- BRIEF: The copy you return should hold only the lines from the top of the data below through the line with "Šampon Loréal Professionnel", each duplicated exactly and with no pictures.

Dataset entries
.....

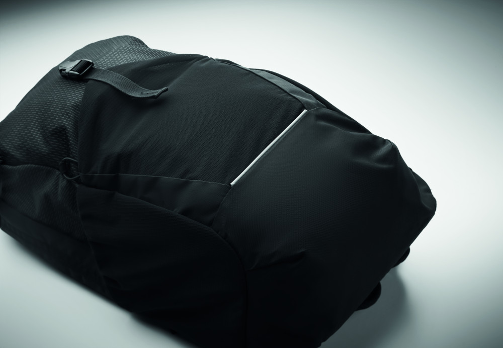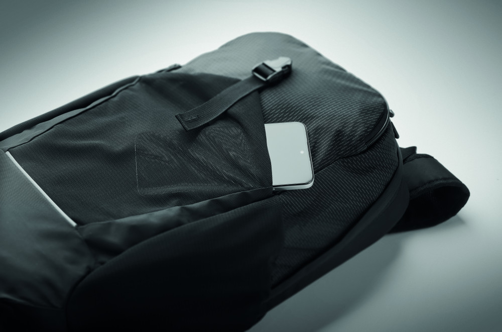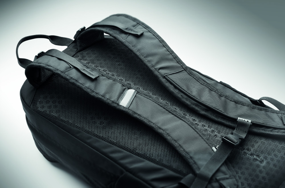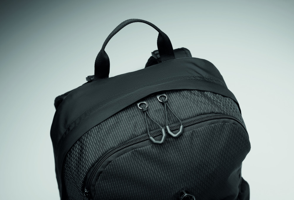 18 l-es túra hátizsák vízlepergető 420D nejlonból, fényvisszaverő csíkkal. Belső 15 colos laptop rekesszel. Egy cipzáras elülső rekesz és egy elülső nyitott zseb csattal. Két oldalsó nyitott zseb. Párnázott hát és vállpántok. Szellőző hátoldal.
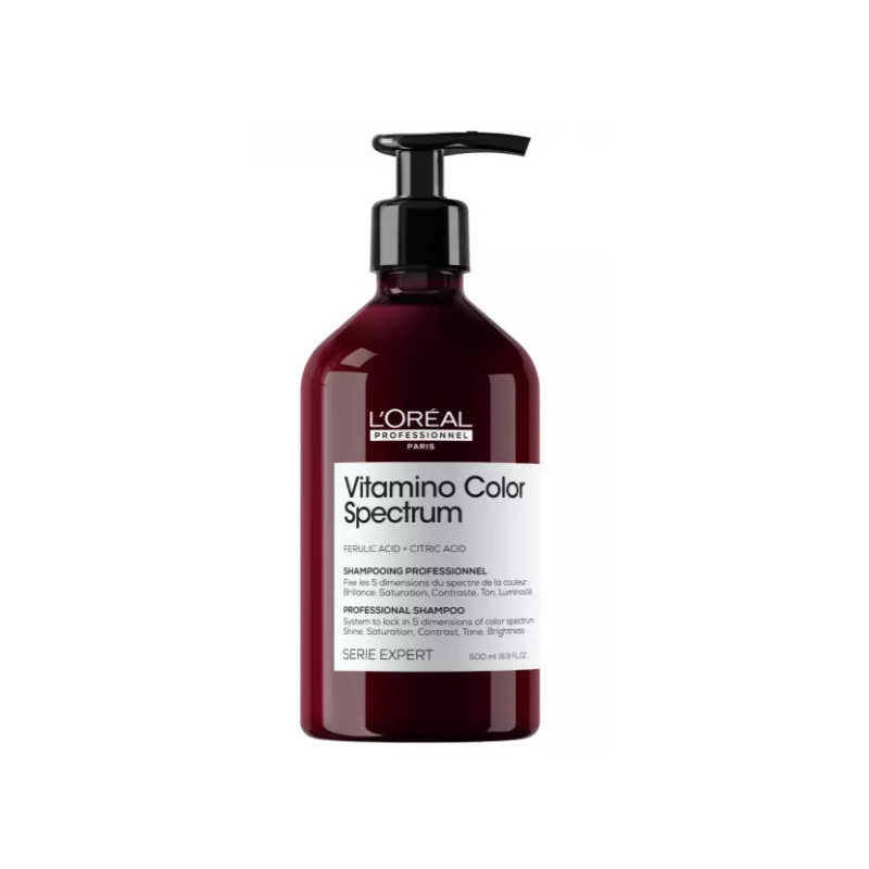 Šampon Loréal Professionnel Serie Expert Vitamino Color Spectrum je ultra pečující šampon pro barvené vlasy, který důkladně pročišťuje vlasová vlákna, a zároveň chrání jejich barvu až po dobu 100 dní. Jeho luxusní krémová textura se při kontaktu s vodou mění v bohatou pěnu, která vlasy důkladně čistí, vyživuje a posiluje. Šampon působí ve všech pěti dimenzích barevného spektra - dodává vlasům ultra vysoký lesk, zvýrazňuje sytost a zářivost barvy, zajišťuje optimální hloubku odstínů, eliminuje nežádoucí mosazné odlesky a udržuje jas světlých i tmavých tónů. Složení šamponu je obohaceno o kyselinu ferulovou, která funguje jako silný antioxidant, chrání barvu před vyblednutím a uzamyká barevné pigmenty uvnitř vlasového vlákna. Kyselina citronová pak pomáhá vyrovnávat pH vlasové pokožky a podporuje vyšší zářivost a sytost barvy. Pravidelným používáním dosáhnete až o 96 % silnějších vlasů, o 68 % větší hebkosti a až o 62 % více vyživených vlasů po dobu až 72 hodin. Šampon ve vlasech zanechává příjemnou svěží vůni kombinující tóny rebarbory, citrusů a santalového dřeva.
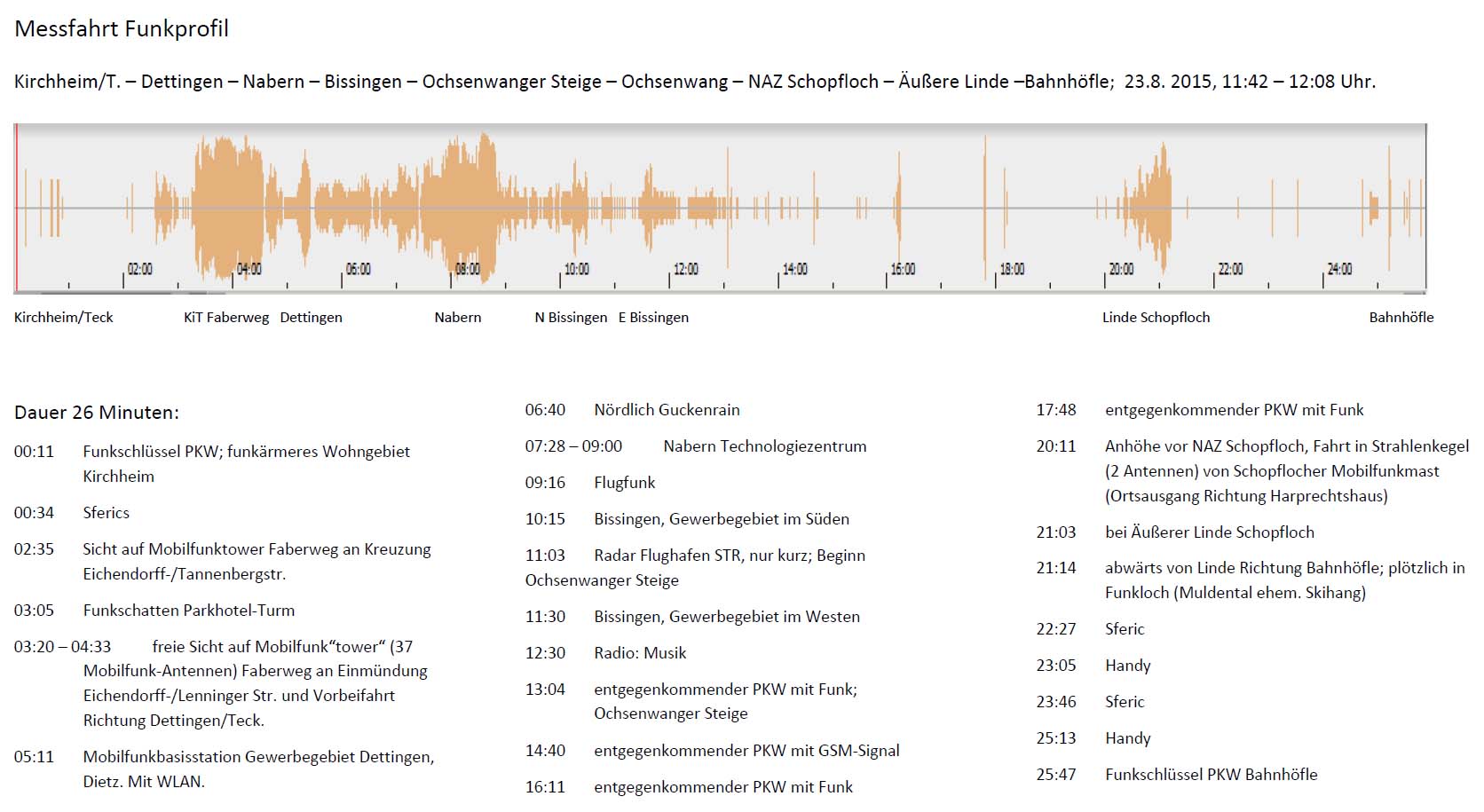 Funk hörbar Eine Mess-Fahrt im Pkw von Kirchheim über Dettingen, Nabern, vorbei an Bissingen, Ochsenwang, ... Hier klicken, um die Audiodatei abzuspielen. Bitte auf die Lautstärke achten. Es geht leise los. Die runtergeladene Datei zeigt beim Abspielen im Win Media Player ev. eine Visualisierung ![]() zur EMF-Startseite zu weiteren Fallstudien zur Hauptseite
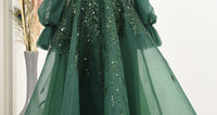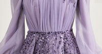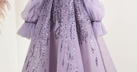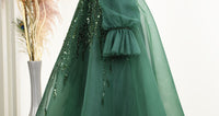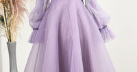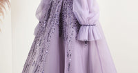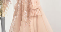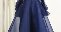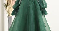 Notre modèle de Robe Modeste Patrice mi-longue bouffante avec applications sur le devant et les jupes se noue à l'arrière avec un cordon et est doublé.
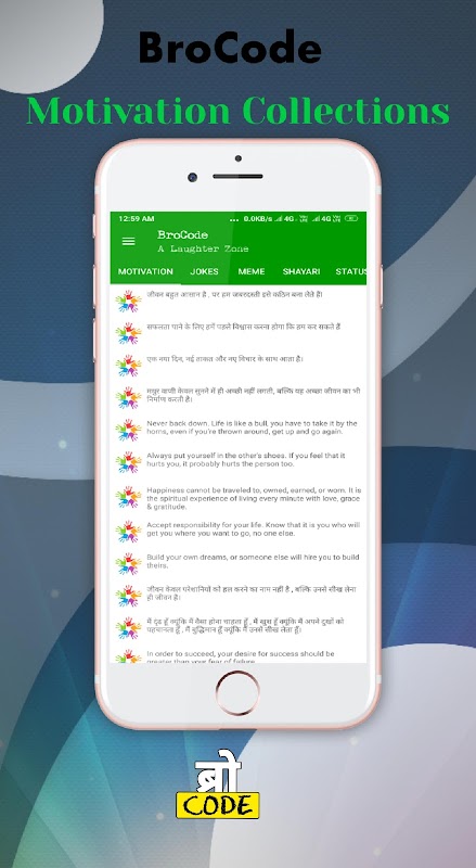 ★ BroCode هو أفضل تطبيق هندي for لـ Memes Shayari Jokes Status Motivational Quotes إلخ.
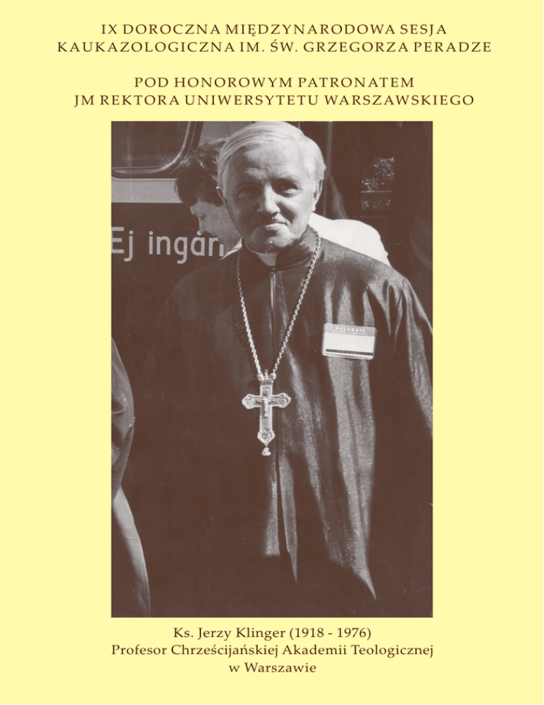 I X D O R O C Z N A M I Ę D Z Y N A R O D O WA S E S J A K A U K A Z O L O G I C Z N A I M . Ś W. G R Z E G O R Z A P E R A D Z E P O D H O N O R O W Y M PAT R O N AT E M J M R E K T O R A U N I W E R S Y T E T U WA R S Z AW S K I E G O Ks. Jerzy Klinger (1918 - 1976) Profesor Chrześcijańskiej Akademii Teologicznej w Warszawie Studium Europy Wschodniej Uniwersytetu Warszawskiego ma zaszczyt zaprosić na IX DOROCZNĄ MIĘDZYNARODOWĄ S E S J Ę K A U K A Z O L O G I C Z N Ą I M. Ś W. G R Z E G O R Z A P E R A D Z E przedwojennego profesora Uniwersytetu Warszawskiego W uroczystości wezmą udział: Władze Uniwersytetu Warszawskiego; Państwowego Uniwersytetu w Tbilisi; JE Wielce Błogosławiony S A W A, Prawosławny Metropolita Warszawski i całej Polski; JE Metropolita G E R A S I M E (Sharashenidze), Patriarchat Kościoła Gruzińskiego; JE Metropolita A N D R I A (Gvazava), Patriarchat Kościoła Gruzińskiego; ministrowie; ambasadorowie oraz wielu innych znakomitych gości Poniedziałek, 6 grudnia 2010 8.00 Liturgia w Punkcie Duszpasterskim p.w. św. męczennika Archimandryty Grzegorza (ul. Wilcza 31, Warszawa) 16.45 Złożenie kwiatów pod tablicą na ścianie gmachu Instytutu Historycznego upamiętniającą pomordowanych w czasie II wojny światowej profesorów Uniwersytetu Warszawskiego, wśród nich Ś W. G R Z E G O R Z A P E R A D Z E (Campus UW, ul. Krakowskie Przedmieście 26/28) Zaśpiewa Chór z Prawosławnego Punktu Duszpasterskiego p.w. św. męczennika Archimandryty Grzegorza pod dyrekcją Anny Czerewackiej PRO G RAM Poniedziałek, 6 grudnia 2010 17.00-19.30 Sala Senatu, Pałac Kazimierzowski „AKADEMIA KU CZCI KS. JERZEGO KLINGERA, ŚW. GRZEGORZA PERADZE ORAZ DLA UCZCZENIA 50-TEJ ROCZNICY ŚMIERCI METROPOLITY DIONIZEGO WALEDYŃSKIEGO” Powitanie przybyłych gości i uczestników konferencji: Prof. Katarzyna C H A Ł A S I Ń S K A - M A C U K O W Rektor Uniwersytetu Warszawskiego Dyr. Jan M A L I C K I, Studium Europy Wschodniej UW Wykład inauguracyjny: Ks. Prof. Wacław H R Y N I E W I C Z, Katolicki Uniwersytet Lubelski Teolog czasów dialogu: refleksje o twórczości ks. Jerzego Klingera Wystąpienia specjalne: Ks. Henryk P A P R O C K I, Uniwersytet w Białymstoku Ks. Jerzy Klinger i Jerzy Nowosielski: dzieje przyjaźni Dawid K O L B A I A, Uniwersytet Warszawski Metropolita Dionizy (Waledyński) i św. Grzegorz Peradze – działalność na przedwojennym Uniwersytecie Warszawskim Wydarzenie specjalne: Wręczenie pierwszych Nagród Św. Grzegorza Peradze Ks. Henrykowi Paprockiemu oraz Janowi Malickiemu Rada Naukowa „Pro Georgia” Uniwersytetu Warszawskiego oraz Rektor i Senat University of Georgia, Tbilisi Prezentacja: Wojciech M A T E R S K I, Gruzja, seria: Historia państwa świata XX i XXI w., Wydawnictwo TRIO, Warszawa 2010; Św. Grzegorz P E R A D Z E, Dzieła Zebrane, O monastycyzmie gruzińskim, O liturgii gruzińskiej, t. 1, pod red. Henryka Paprockiego, Studium Europy Wschodniej UW, Warszawa 2010; „Pro Georgia. Journal of Kartvelological Studies”, t. 20, Studium Europy Wschodniej UW, Warszawa 2010; Wojciech G Ó R E C K I, Toast za przodków, Wydawnictwo Czarne, Wołowiec 2010 Otwarcie wystawy: „Projekty witraży Jerzego Nowosielskiego” Michał B O G U C K I, Muzeum Ikon w Warszawie Lampka gruzińskiego wina, dzięki uprzejmości Winiarni Marani (filia w Warszawie), założonej w 1915 r. w gruzińskim regionie Kachetia, słynącym z produkcji wina Wtorek, 7 grudnia 2010 10.00-14.00 Sala Senatu, Pałac Kazimierzowski SESJA I „D Z I E D Z I C T W O N A U K O W E Ś W. G R Z E G O R Z A P E R A D Z E” Moderator: Ks. Henryk P A P R O C K I, Uniwersytet w Białymstoku Arcybiskup A N D R I A (Patriarchat Kościoła Gruzińskiego) Некоторые богословские вопросы Иверского Петрицонского (Бачковского) монястиря Григоля Бакурянидзе (Niektóre zagadnienia błogosławieństw Iwerskiego Petricońskiego (Baczkowskiego) klasztoru Grzegorza Bakurianidze) Manana S A N A D Z E (University of Georgia, Tbilisi) Mirian – the First King of Kartli and Issue of His Descent (Mirian - pierwszy król Kartli i zagadnienia jego dziedzictwa Igor D O R F M A N N - L A Z A R E V (Uniwersytet Londyński) Travels and Studies of Stephen of Siwnik' (685 c. – 735): Re-defining Armenian Orthodoxy under Islamic Rule (Podróże i badania Stefana z Siwnik (685 – 735 ): redefinicja ormiańskiego prawosławia pod rządami islamskimi) O. Opat Bernard S A W I C K I OSB (Opactwo Benedyktynów w Tyńcu) Bliskości i różnice tradycji chrześcijańskiego monastycyzmu Wschodu i Zachodu Darejan T V A L T V A D Z E (Uniwersytet im. Ivane Javakhishvili w Tbilisi) Некоторые аспекты грузинско-византийских культурных отношений на основе колофонов грузинских переписчиков из Антиохии (Pewne aspekty gruzińsko-bizantyjskich kontaktów kulturalnych na podstawie kolofonów gruzińskich skrybów z Antiochii) Tamila M G A L O B L I S H V I L I (Uniwersytet Św. Andrzeja Patriarchatu Gruzińskiego, Tbilisi) Mtskheta – New Jerusalem in Georgia (Mccheta – Nowe Jeruzalem w Gruzji) Nikoloz A L E K S I D Z E (Pembroke College, Oksford) Monasticism and Christological Controversy in Sixth-Century Caucasus (Monastycyzm i spory chrystologiczne w VI w. na Kaukazie) Dawid K O L B A I A (Uniwersytet Warszawski) Przedstawienie Piekła i Sądu Ostatecznego w średniowiecznej gruzińskiej ikonografii Aleksandra S U L I K O W S K A - G Ą S K A (Uniwersytet Warszawski) Losy ciała. Ortodoksyjna literatura i tradycja ikonograficzna Dyskusja 14.00- 15.00 Przerwa na obiad 15.00-18.00 Sala Senatu, Pałac Kazimierzowski SESJA II Moderator: Dawid K O L B A I A, Uniwersytet Warszawski Antoni M I R O N O W I C Z (Uniwersytet w Białymstoku) Ks. Jerzy Klinger jako badacz dziejów Prawosławia Michał K L I N G E R (Chrze
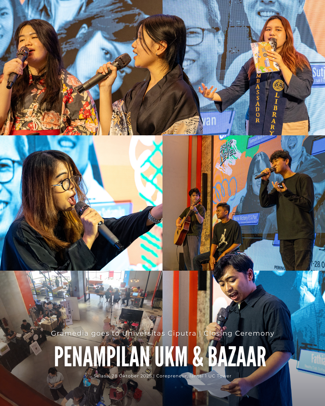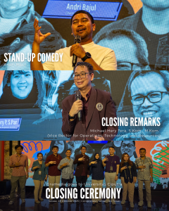 Acara Gramedia x Danamon Goes to Campus 2025 di Universitas Ciputra Surabaya resmi ditutup dengan penuh semangat dan warna melalui sesi Closing Ceremony yang berlangsung meriah di UC Main Building pada Selasa, 28 Oktober 2025. Rangkaian penutupan ini dimulai dengan sambutan hangat dari Kuncoro Cahyani G. (Caca) selaku MC dan UC Library Ambassador, yang kemudian dilanjutkan dengan berbagai penampilan kreatif dari UKM Universitas Ciputra — mulai dari UKM Teater, UKM Japanese Culture, hingga UKM Band Resonance, yang menampilkan energi muda dan semangat berkarya khas mahasiswa UC. Suasana semakin hidup saat sesi Stand Up Comedy dari Andri Bajul menghadirkan tawa dan keakraban di antara peserta, menjadi penutup ringan setelah dua hari penuh inspirasi dan pembelajaran. Puncak acara ditandai dengan Closing Remarks oleh Michael Hery Tera, S.Kom., M.Kom., selaku Vice Rector for Operations, Technology, and Resources Universitas Ciputra. Dalam sambutannya, beliau menyampaikan apresiasi kepada Gramedia dan Danamon atas kolaborasi luar biasa ini, serta menegaskan pentingnya sinergi antara dunia pendidikan dan industri kreatif dalam menumbuhkan generasi muda yang adaptif, inovatif, dan berdaya saing. Acara ini menjadi momentum indah untuk menutup perayaan Bulan Bahasa dan Sastra serta Hari Sumpah Pemuda 2025, sekaligus meneguhkan komitmen Universitas Ciputra untuk terus menghadirkan ruang belajar yang inspiratif bagi sivitas akademika.
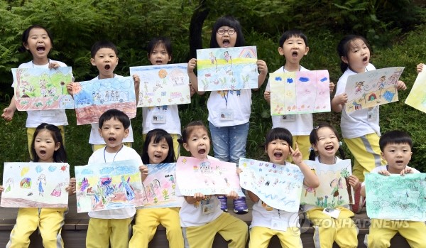 24일 서울 광진구 아차산 배드민턴장에서 '나도 피카소 꿈나무 미술경연대회'에 참여한 어린이들이 직접 그린 그림을 들어보이고 있다.
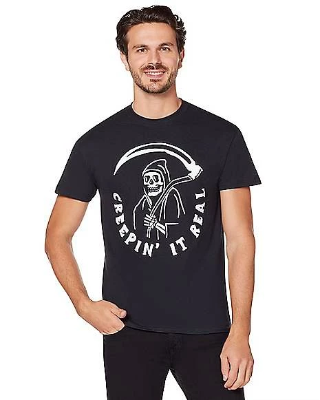 Who needs a costume when you can just creep it real? This black and white tee is the perfect addition to your Halloween swag.
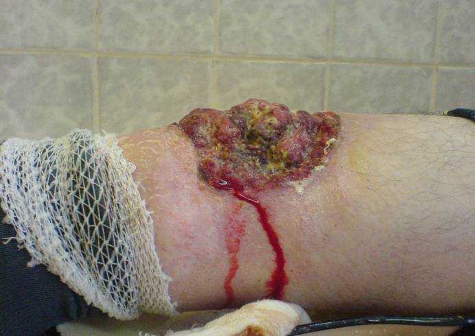 Что рана из себя представляет видно, а что еще за свищ - не очень понятно. Нет ли здесь малигнизации?

.....

- EXERCISE OUTPUT:
 18 l-es túra hátizsák vízlepergető 420D nejlonból, fényvisszaverő csíkkal. Belső 15 colos laptop rekesszel. Egy cipzáras elülső rekesz és egy elülső nyitott zseb csattal. Két oldalsó nyitott zseb. Párnázott hát és vállpántok. Szellőző hátoldal.
 Šampon Loréal Professionnel Serie Expert Vitamino Color Spectrum je ultra pečující šampon pro barvené vlasy, který důkladně pročišťuje vlasová vlákna, a zároveň chrání jejich barvu až po dobu 100 dní. Jeho luxusní krémová textura se při kontaktu s vodou mění v bohatou pěnu, která vlasy důkladně čistí, vyživuje a posiluje. Šampon působí ve všech pěti dimenzích barevného spektra - dodává vlasům ultra vysoký lesk, zvýrazňuje sytost a zářivost barvy, zajišťuje optimální hloubku odstínů, eliminuje nežádoucí mosazné odlesky a udržuje jas světlých i tmavých tónů. Složení šamponu je obohaceno o kyselinu ferulovou, která funguje jako silný antioxidant, chrání barvu před vyblednutím a uzamyká barevné pigmenty uvnitř vlasového vlákna. Kyselina citronová pak pomáhá vyrovnávat pH vlasové pokožky a podporuje vyšší zářivost a sytost barvy. Pravidelným používáním dosáhnete až o 96 % silnějších vlasů, o 68 % větší hebkosti a až o 62 % více vyživených vlasů po dobu až 72 hodin. Šampon ve vlasech zanechává příjemnou svěží vůni kombinující tóny rebarbory, citrusů a santalového dřeva.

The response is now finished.